> [Aim of the task]: Only the lines from the one containing "Curea din piele" through the end of the entries should be returned, exactly as they are, with the pictures omitted.

(Stored dataset items)
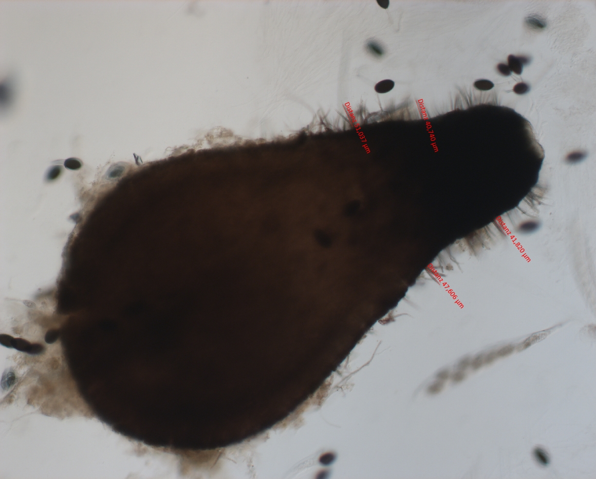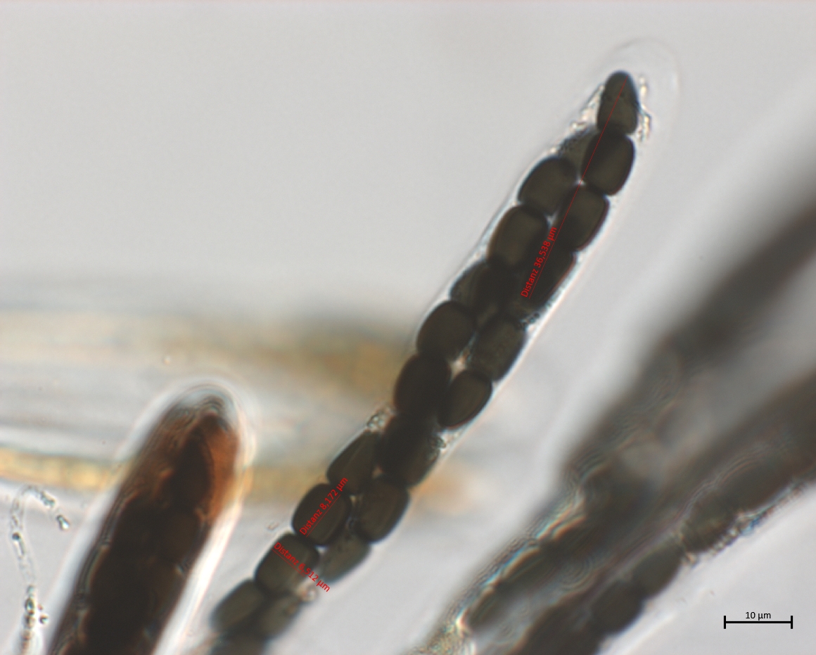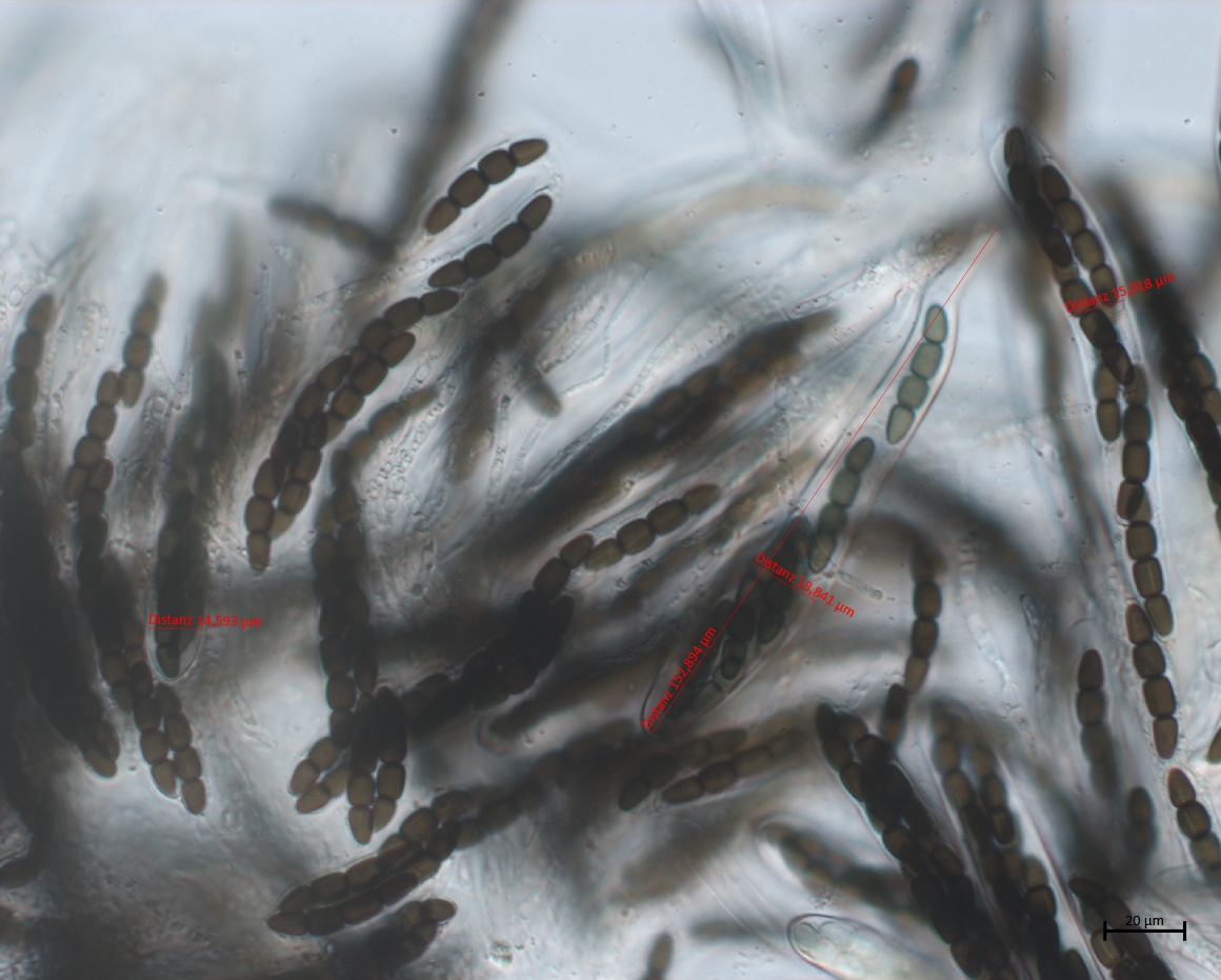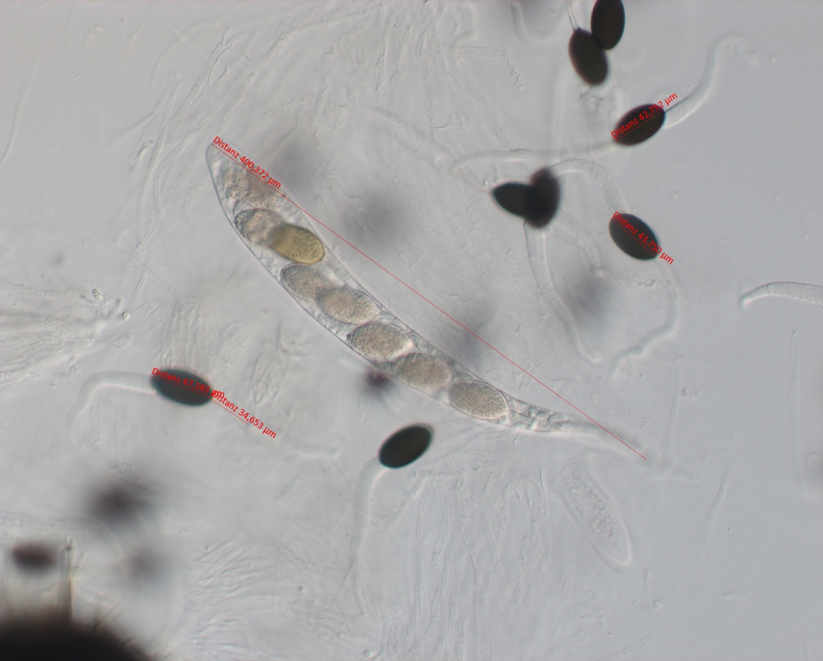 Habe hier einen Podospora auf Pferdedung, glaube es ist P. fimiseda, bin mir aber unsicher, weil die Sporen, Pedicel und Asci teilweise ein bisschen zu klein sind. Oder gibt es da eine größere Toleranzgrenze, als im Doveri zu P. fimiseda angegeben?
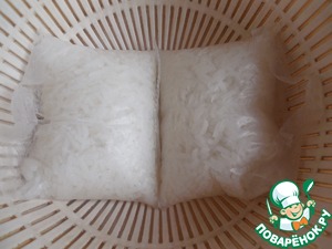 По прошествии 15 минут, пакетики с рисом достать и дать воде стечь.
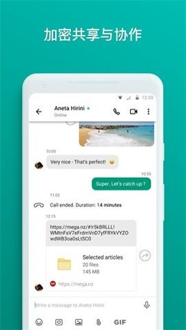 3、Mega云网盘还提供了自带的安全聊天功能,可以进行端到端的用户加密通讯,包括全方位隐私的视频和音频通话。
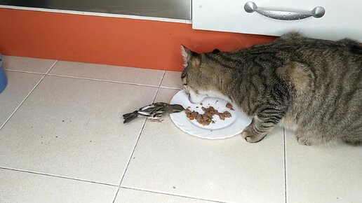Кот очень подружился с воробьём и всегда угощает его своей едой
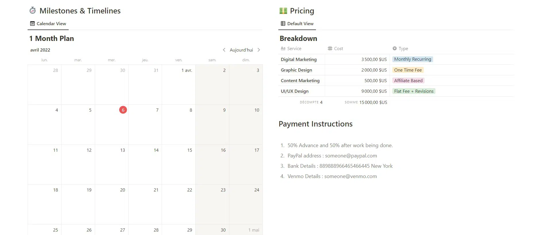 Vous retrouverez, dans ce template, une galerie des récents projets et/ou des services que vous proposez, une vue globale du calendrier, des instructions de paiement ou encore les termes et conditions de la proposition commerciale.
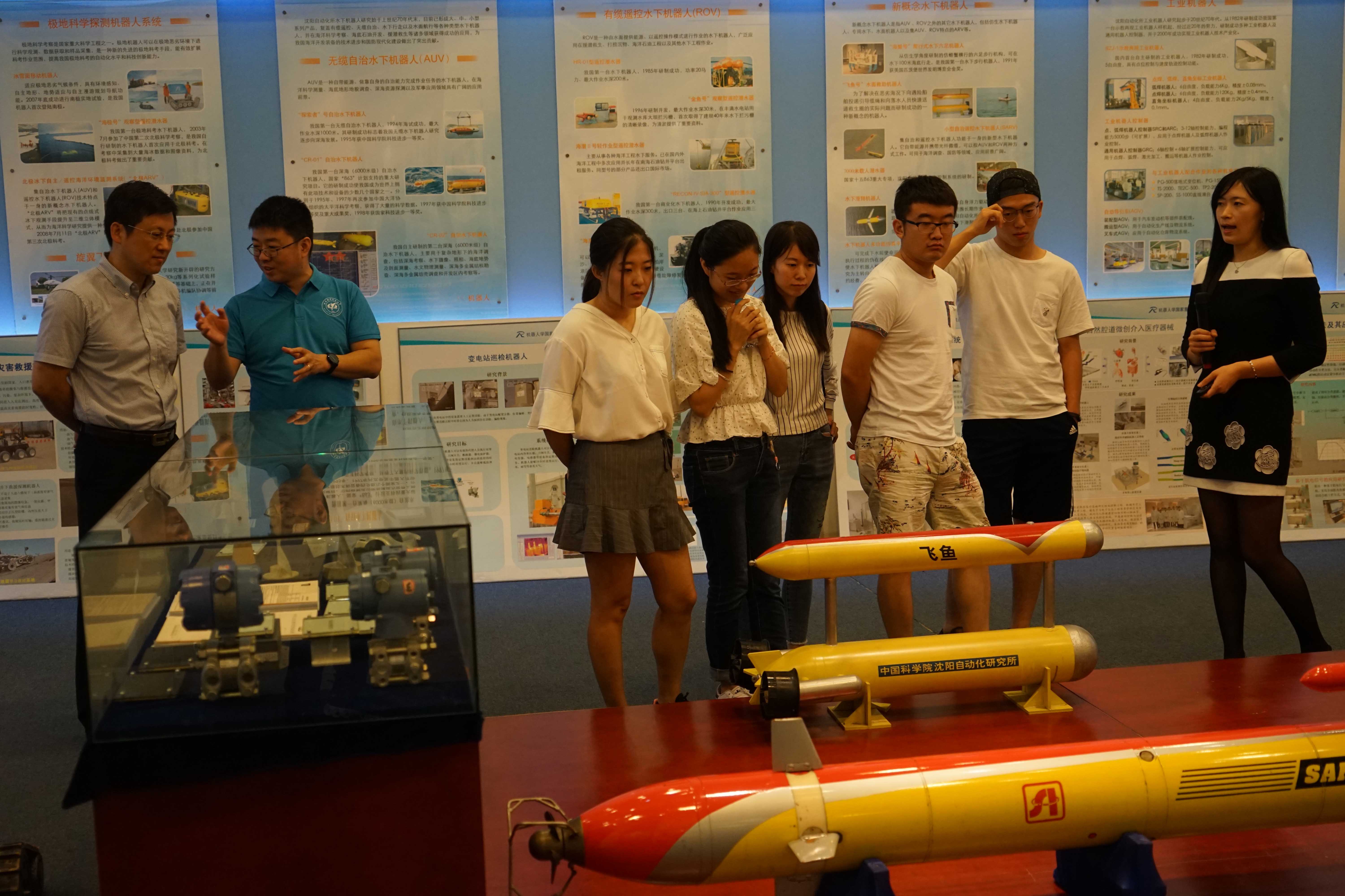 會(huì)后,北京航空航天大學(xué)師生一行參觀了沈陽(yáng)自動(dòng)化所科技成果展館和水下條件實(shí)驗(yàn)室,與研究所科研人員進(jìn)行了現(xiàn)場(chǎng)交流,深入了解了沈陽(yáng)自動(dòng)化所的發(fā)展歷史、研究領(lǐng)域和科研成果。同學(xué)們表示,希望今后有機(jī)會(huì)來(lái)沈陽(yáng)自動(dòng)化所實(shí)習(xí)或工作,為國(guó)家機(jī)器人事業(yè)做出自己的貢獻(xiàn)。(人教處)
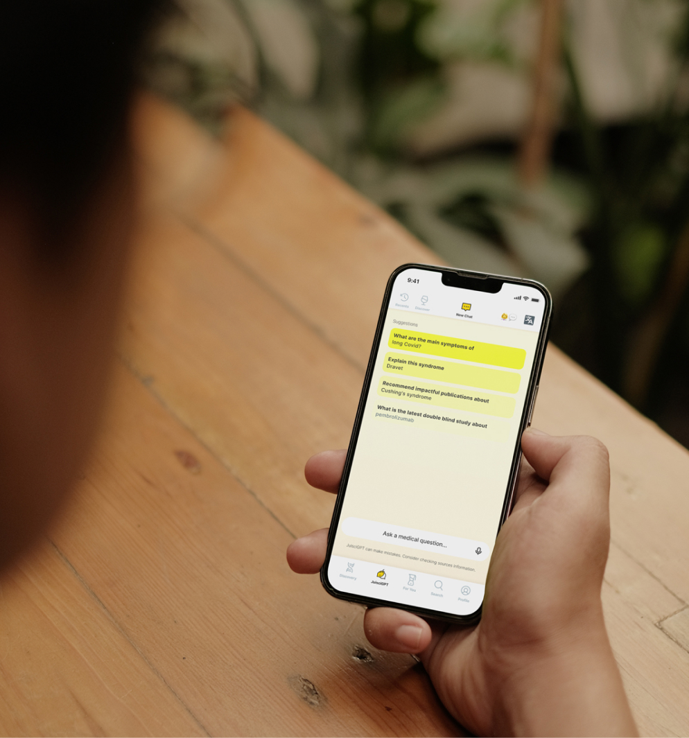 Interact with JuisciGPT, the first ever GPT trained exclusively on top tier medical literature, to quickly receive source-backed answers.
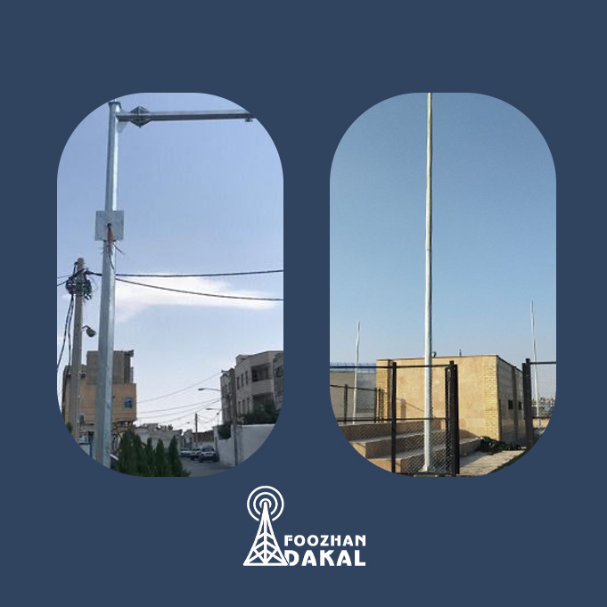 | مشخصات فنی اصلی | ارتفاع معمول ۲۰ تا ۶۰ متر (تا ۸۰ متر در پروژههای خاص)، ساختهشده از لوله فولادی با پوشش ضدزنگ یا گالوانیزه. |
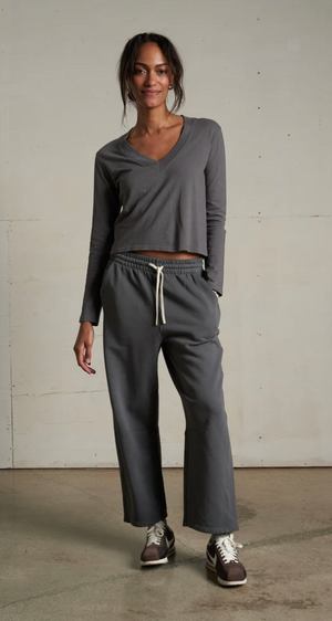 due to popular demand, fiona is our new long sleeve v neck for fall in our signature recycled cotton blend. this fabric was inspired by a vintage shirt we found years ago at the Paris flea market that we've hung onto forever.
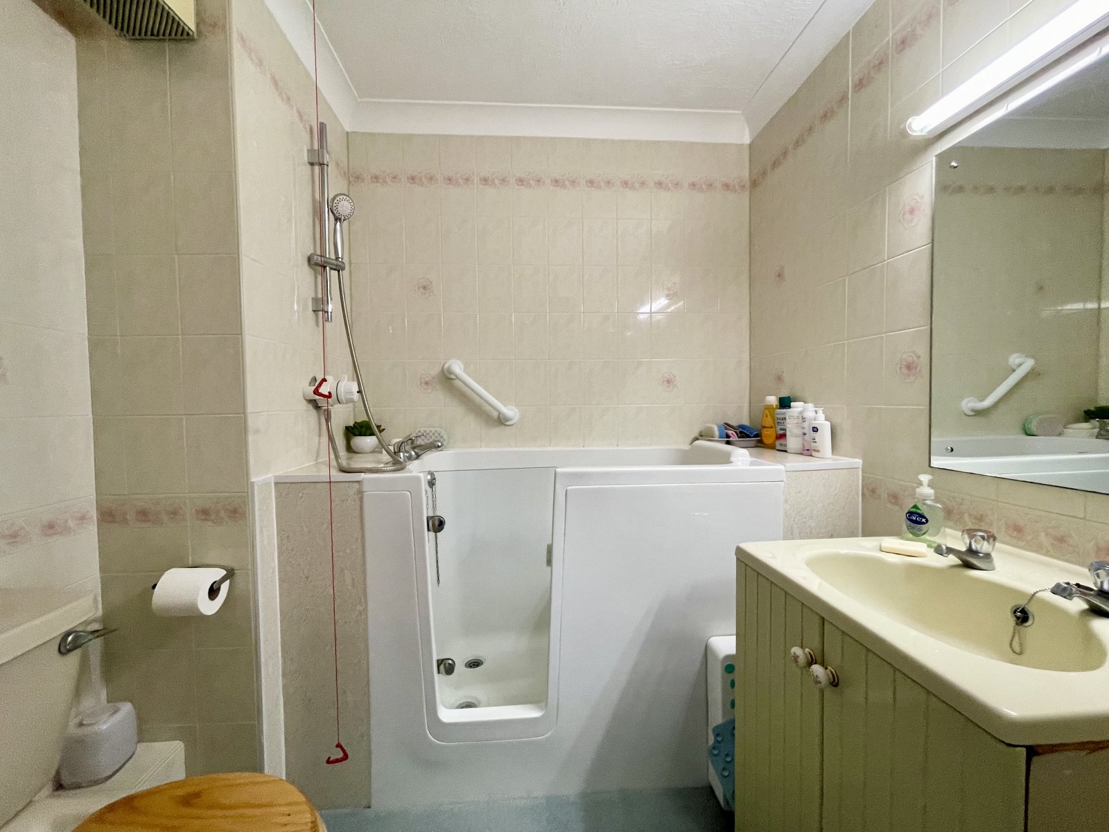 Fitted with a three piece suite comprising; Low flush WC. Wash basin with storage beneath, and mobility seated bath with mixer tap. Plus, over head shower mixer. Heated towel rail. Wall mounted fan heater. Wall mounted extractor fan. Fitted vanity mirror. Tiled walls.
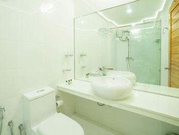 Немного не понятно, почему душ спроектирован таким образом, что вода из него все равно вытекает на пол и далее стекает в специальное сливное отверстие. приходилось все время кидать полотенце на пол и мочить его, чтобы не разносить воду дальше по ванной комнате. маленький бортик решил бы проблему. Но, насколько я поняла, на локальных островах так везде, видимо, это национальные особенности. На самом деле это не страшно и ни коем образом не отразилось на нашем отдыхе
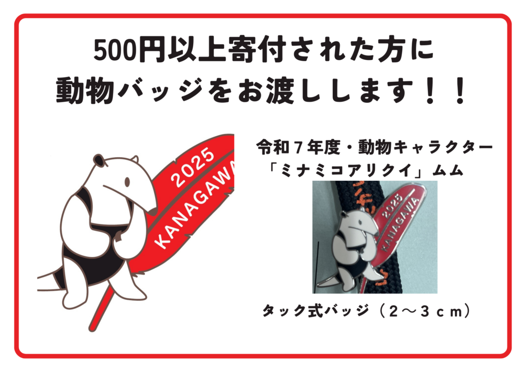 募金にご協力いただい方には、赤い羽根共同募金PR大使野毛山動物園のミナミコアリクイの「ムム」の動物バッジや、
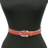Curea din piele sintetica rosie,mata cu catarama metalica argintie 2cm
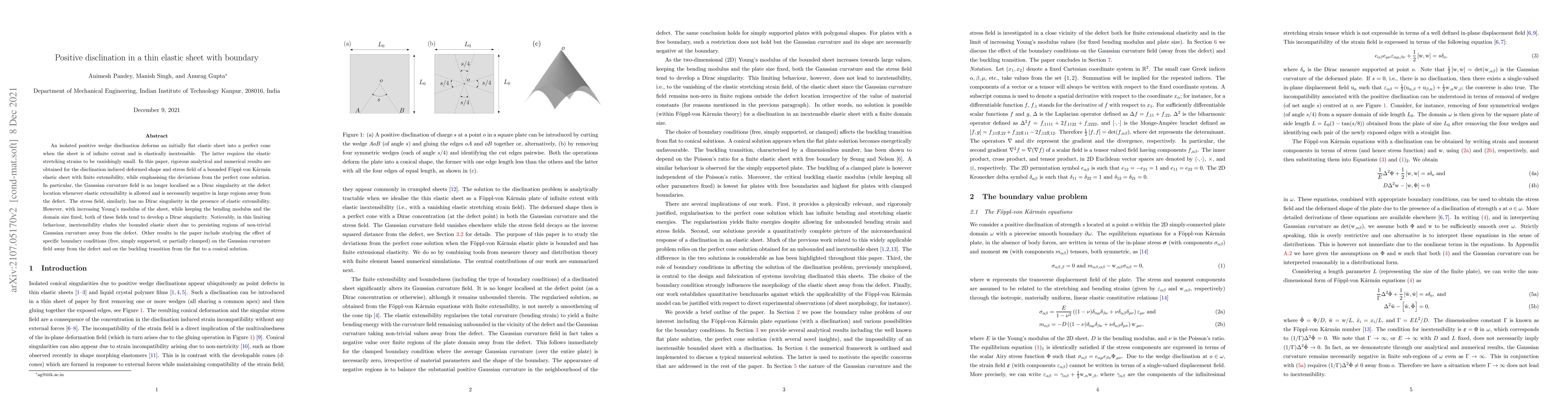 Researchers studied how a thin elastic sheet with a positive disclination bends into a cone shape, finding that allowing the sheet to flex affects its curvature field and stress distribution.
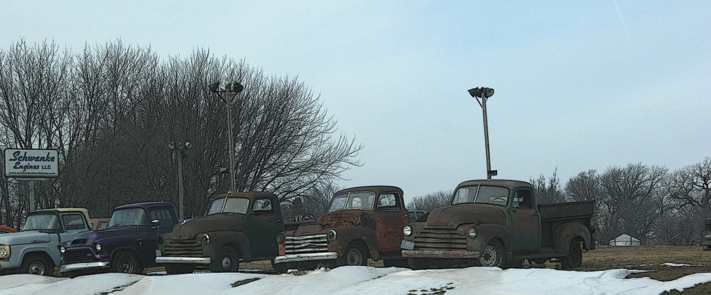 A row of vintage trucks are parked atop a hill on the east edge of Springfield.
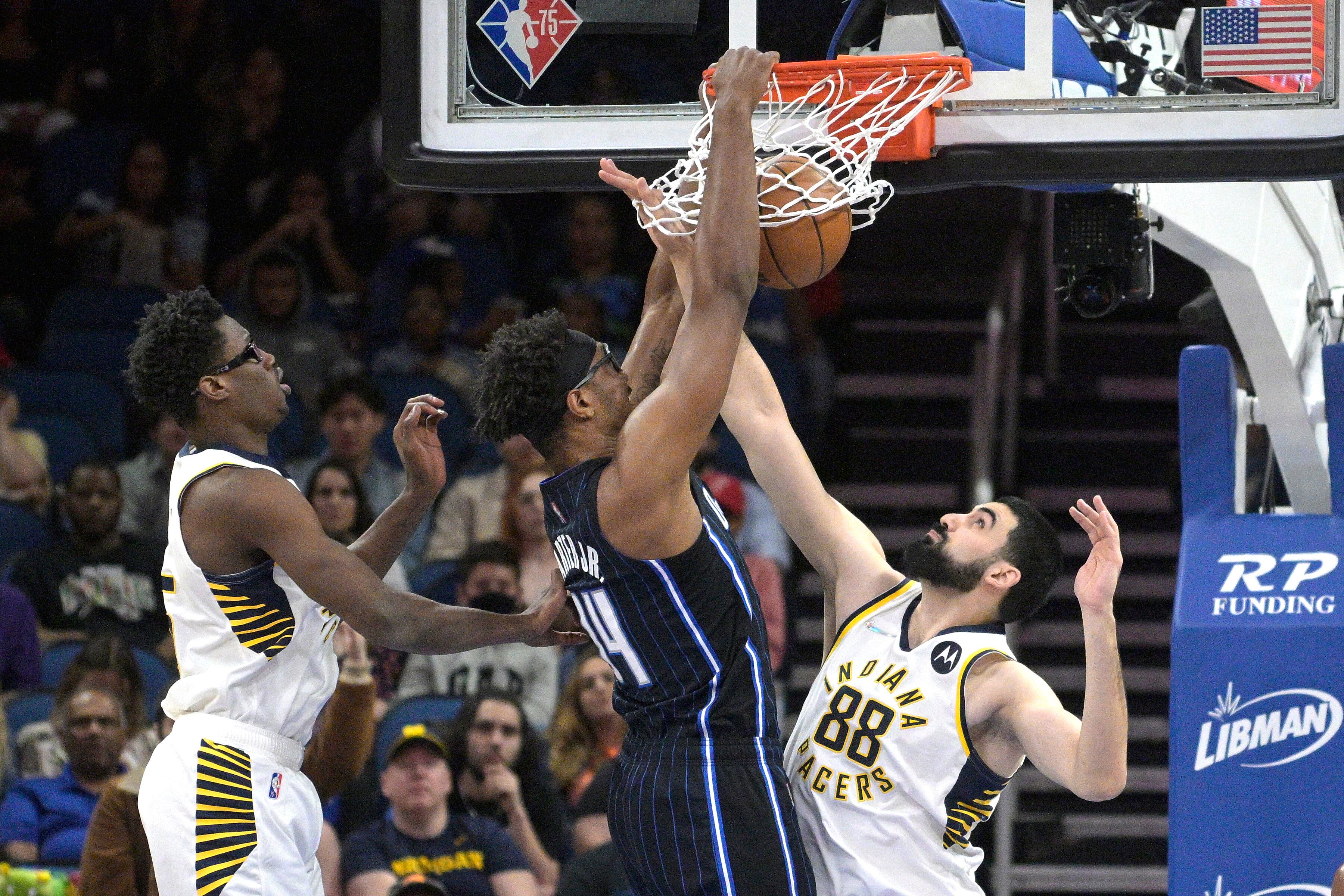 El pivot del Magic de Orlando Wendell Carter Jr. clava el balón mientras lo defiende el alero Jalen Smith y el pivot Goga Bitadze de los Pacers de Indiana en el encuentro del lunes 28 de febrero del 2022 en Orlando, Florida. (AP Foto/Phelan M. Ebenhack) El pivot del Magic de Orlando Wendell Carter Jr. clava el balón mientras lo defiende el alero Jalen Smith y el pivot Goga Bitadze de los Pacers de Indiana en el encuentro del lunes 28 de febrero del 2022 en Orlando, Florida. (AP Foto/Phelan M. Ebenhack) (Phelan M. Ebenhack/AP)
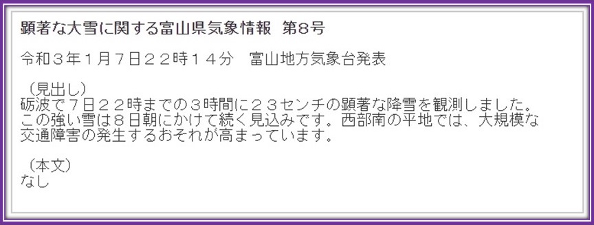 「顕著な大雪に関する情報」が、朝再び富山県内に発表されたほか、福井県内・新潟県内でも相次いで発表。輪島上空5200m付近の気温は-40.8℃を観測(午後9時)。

> [Result of the exercise]:
Curea din piele sintetica rosie,mata cu catarama metalica argintie 2cm
 Researchers studied how a thin elastic sheet with a positive disclination bends into a cone shape, finding that allowing the sheet to flex affects its curvature field and stress distribution.
 A row of vintage trucks are parked atop a hill on the east edge of Springfield.
 El pivot del Magic de Orlando Wendell Carter Jr. clava el balón mientras lo defiende el alero Jalen Smith y el pivot Goga Bitadze de los Pacers de Indiana en el encuentro del lunes 28 de febrero del 2022 en Orlando, Florida. (AP Foto/Phelan M. Ebenhack) El pivot del Magic de Orlando Wendell Carter Jr. clava el balón mientras lo defiende el alero Jalen Smith y el pivot Goga Bitadze de los Pacers de Indiana en el encuentro del lunes 28 de febrero del 2022 en Orlando, Florida. (AP Foto/Phelan M. Ebenhack) (Phelan M. Ebenhack/AP)
 「顕著な大雪に関する情報」が、朝再び富山県内に発表されたほか、福井県内・新潟県内でも相次いで発表。輪島上空5200m付近の気温は-40.8℃を観測(午後9時)。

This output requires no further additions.